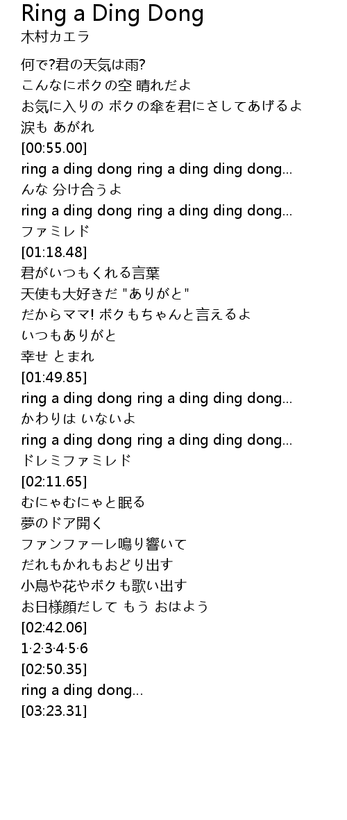 | [01:50.55] | ring a ding dong ring a ding ding dong... |
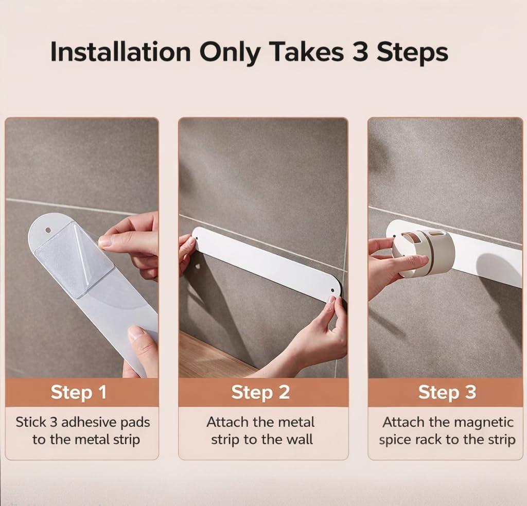 A 6 részes falra szerelhető fűszertartó szett praktikus és helytakarékos megoldást kínál a konyhai rendszerezéshez. A mágneses rögzítés stabil tartást biztosít, miközben megkönnyíti a tartók levételét és visszahelyezését.
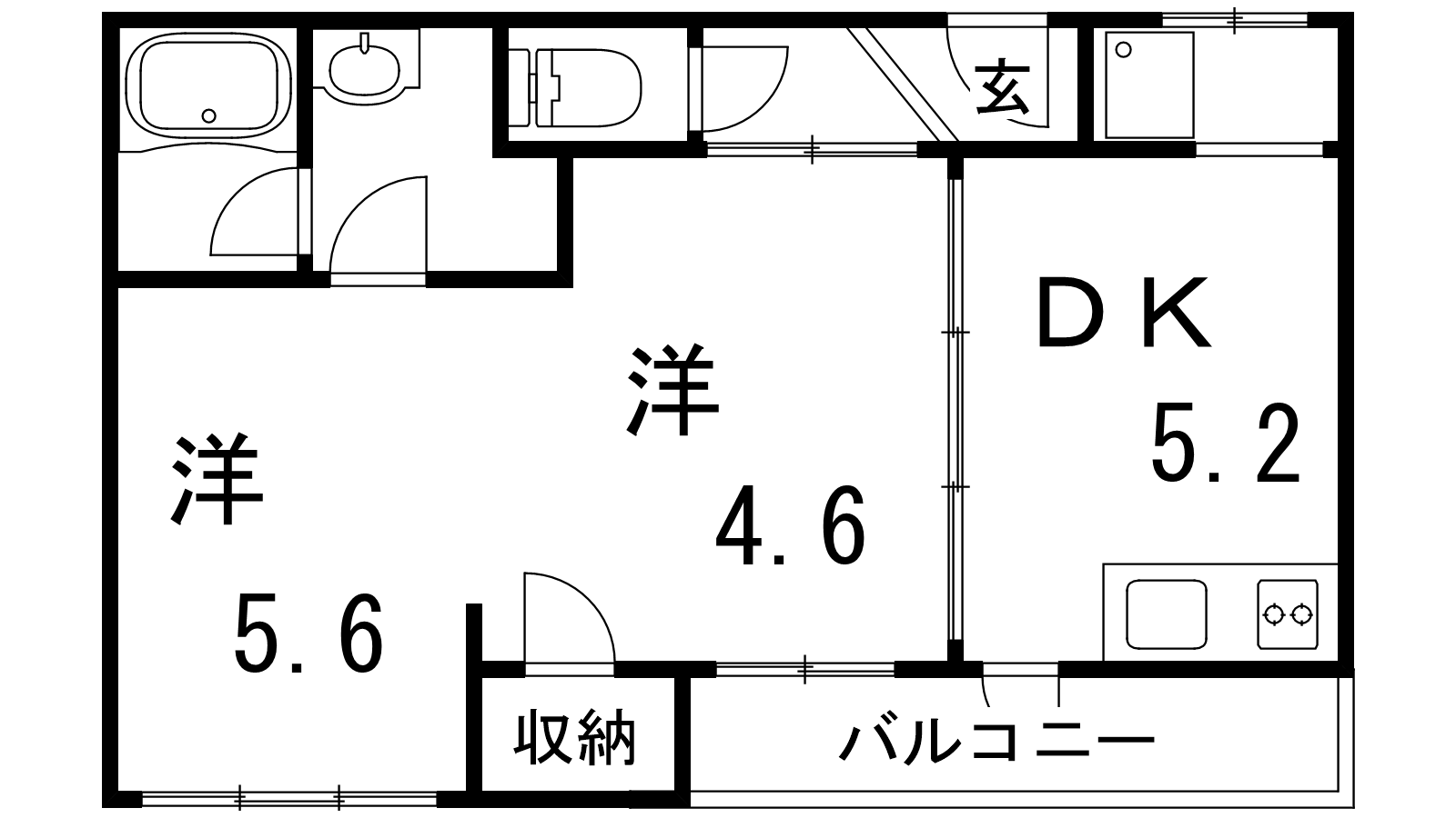- DK5.2帖、洋室4.6帖、洋室5.6帖
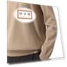 Бежевый джемпер связали из хлопка пима. Этот сорт выращивают только в Перу и на юго-западе США, и текстиль из него сравнивают то с кашемиром, то с шелком. Такой трикотаж почти в два раза легче и в пять раз прочнее обычного хлопкового. Супертонкие и длинные волокна (а их в каждой нити пряжи двенадцать) обеспечивают идеальный микроклимат. На рукаве — патч с фирменной акулой.
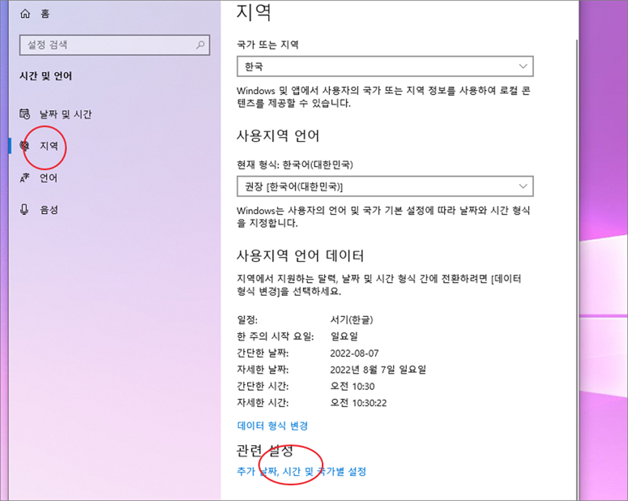 ▼ 윈도우10에서 제공하는 설정 옵션으로는 변경할 수 없기 때문에 제어판의 “국가 또는 지역” 옵션에 가야 합니다. 관련 설정란에서 [추가 날짜, 시간 및 지역 설정] 메뉴를 클릭합니다. 그럼 제어판을 거치지 않고 바로 갈 수 있습니다.
::::::::
■ TASK DETAILS
Repeat every line above exactly, minus the pictures.

■ EXERCISE SOLUTION
 | [01:50.55] | ring a ding dong ring a ding ding dong... |
 A 6 részes falra szerelhető fűszertartó szett praktikus és helytakarékos megoldást kínál a konyhai rendszerezéshez. A mágneses rögzítés stabil tartást biztosít, miközben megkönnyíti a tartók levételét és visszahelyezését.
- DK5.2帖、洋室4.6帖、洋室5.6帖
 Бежевый джемпер связали из хлопка пима. Этот сорт выращивают только в Перу и на юго-западе США, и текстиль из него сравнивают то с кашемиром, то с шелком. Такой трикотаж почти в два раза легче и в пять раз прочнее обычного хлопкового. Супертонкие и длинные волокна (а их в каждой нити пряжи двенадцать) обеспечивают идеальный микроклимат. На рукаве — патч с фирменной акулой.
 ▼ 윈도우10에서 제공하는 설정 옵션으로는 변경할 수 없기 때문에 제어판의 “국가 또는 지역” 옵션에 가야 합니다. 관련 설정란에서 [추가 날짜, 시간 및 지역 설정] 메뉴를 클릭합니다. 그럼 제어판을 거치지 않고 바로 갈 수 있습니다.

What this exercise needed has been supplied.